Welles understands the best singers wield their instrument with a stealth utility; they’re readily able to unleash a wealth of emotion from little more than a murmur, if, in his case, an occasional manic howl. Where vocal precision belies sterility, depth and character are blood let out from a deep wound. To that end, where Welles may not deem himself a storyteller in the classical sense — he fancies himself a rock lifer, tattoos and all — on record his aching voice does plenty of heavy lifting. He’ll tell you responds most profoundly to “road-weary” singers like David Bowie, John Lennon, and early Bob Dylan. He recalls drawing instant inspiration from Kurt Cobain when first hearing Nirvana’s “Lithium” in middle school. “I heard this American just barely getting through the lyrics and I was like ‘OK. This is cool. I can do this.’” Now, after nearly a decade of pointed urgency and a year spent on the road opening for some of rock’s hottest acts, not only does he have a desire to share “everything that’s been going on in my head, but he finally feels right where he belongs.

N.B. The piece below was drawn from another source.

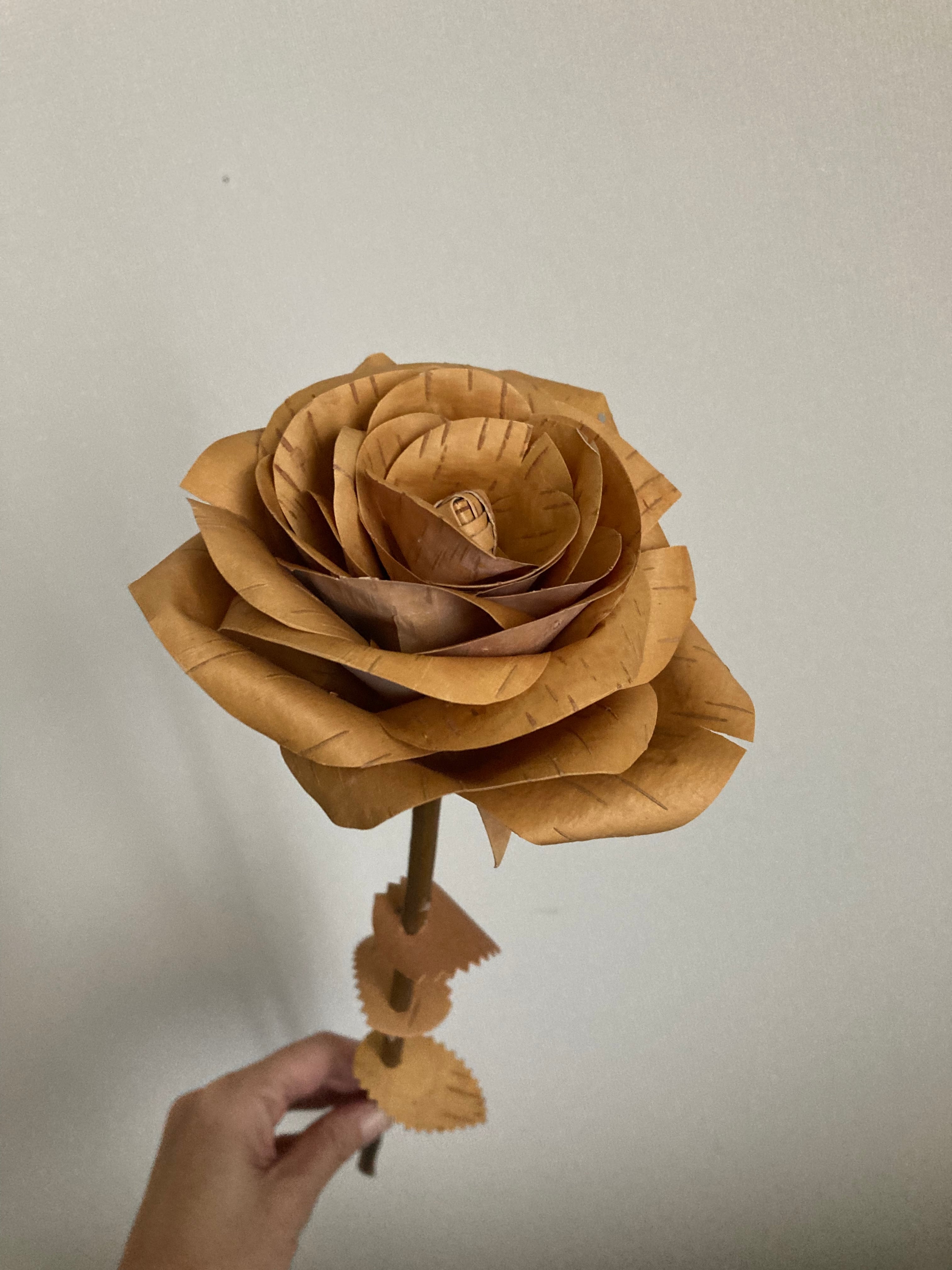 すっと伸びた長い枝に大ぶりな白樺の樹皮が重なった薔薇の花びらの細工がとても素敵な一品♫
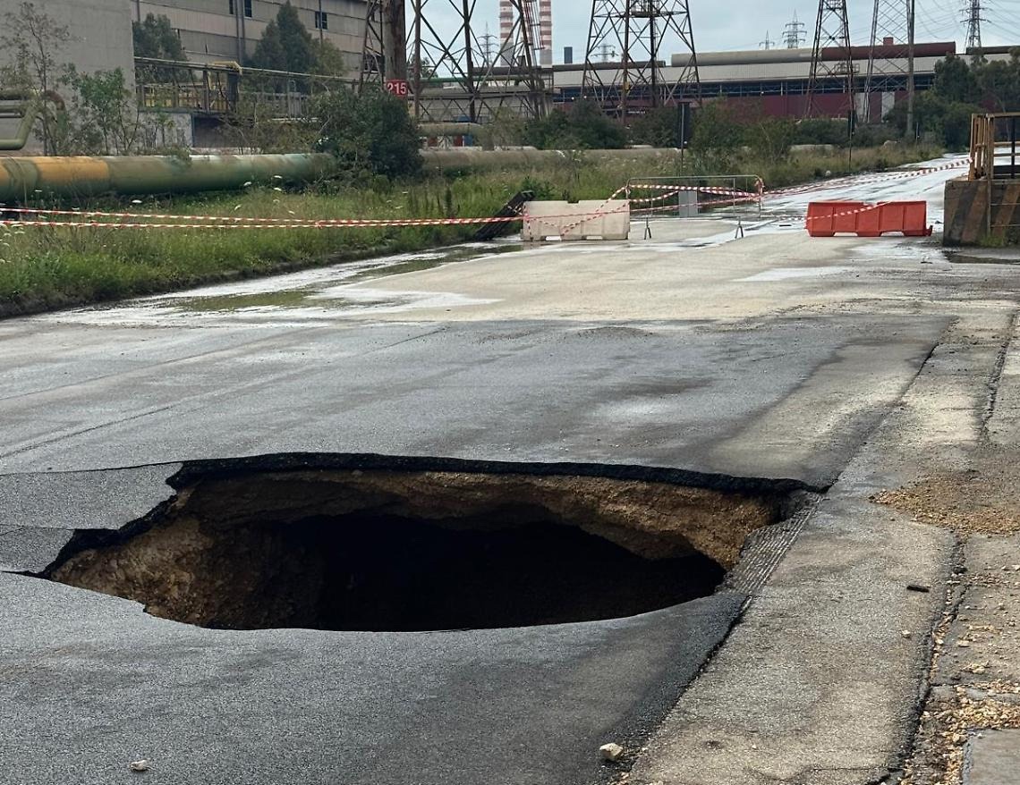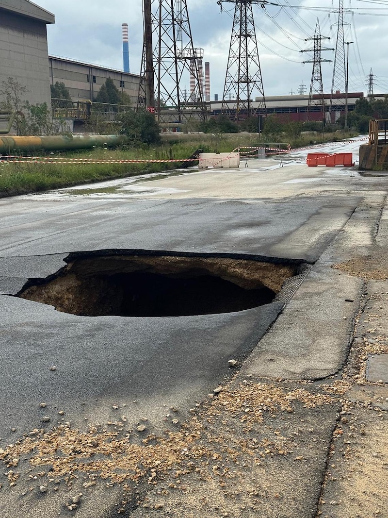 Il dissesto ha interessato una porzione della strada utilizzata quotidianamente da mezzi industriali e personale dello stabilimento. Nel punto in cui si è verificato il cedimento passa inoltre una tubazione interrata, circostanza che, secondo i rappresentanti dei lavoratori, avrebbe potuto aggravare le conseguenze dell’episodio.

“I don’t want to say I feel comfortable but I think we’ve got a good little beginning going,” he says with supreme humility of a breakout year that included gigs at Bonnaroo and Austin City Limits as well as opening stints for tastemaking acts including Royal Blood and Greta Van Fleet.
Still, playing the underdog remains a highly appealing notion to the soft-spoken musician. “I hope we catch everyone off guard,” he says of his steady ascent with a sly chuckle. “I love it. It’s how I’ve always done everything. Just be quiet ,come in and do your work. Come out of nowhere. The thing is,” he notes, “you can really only pop out of a cake once.”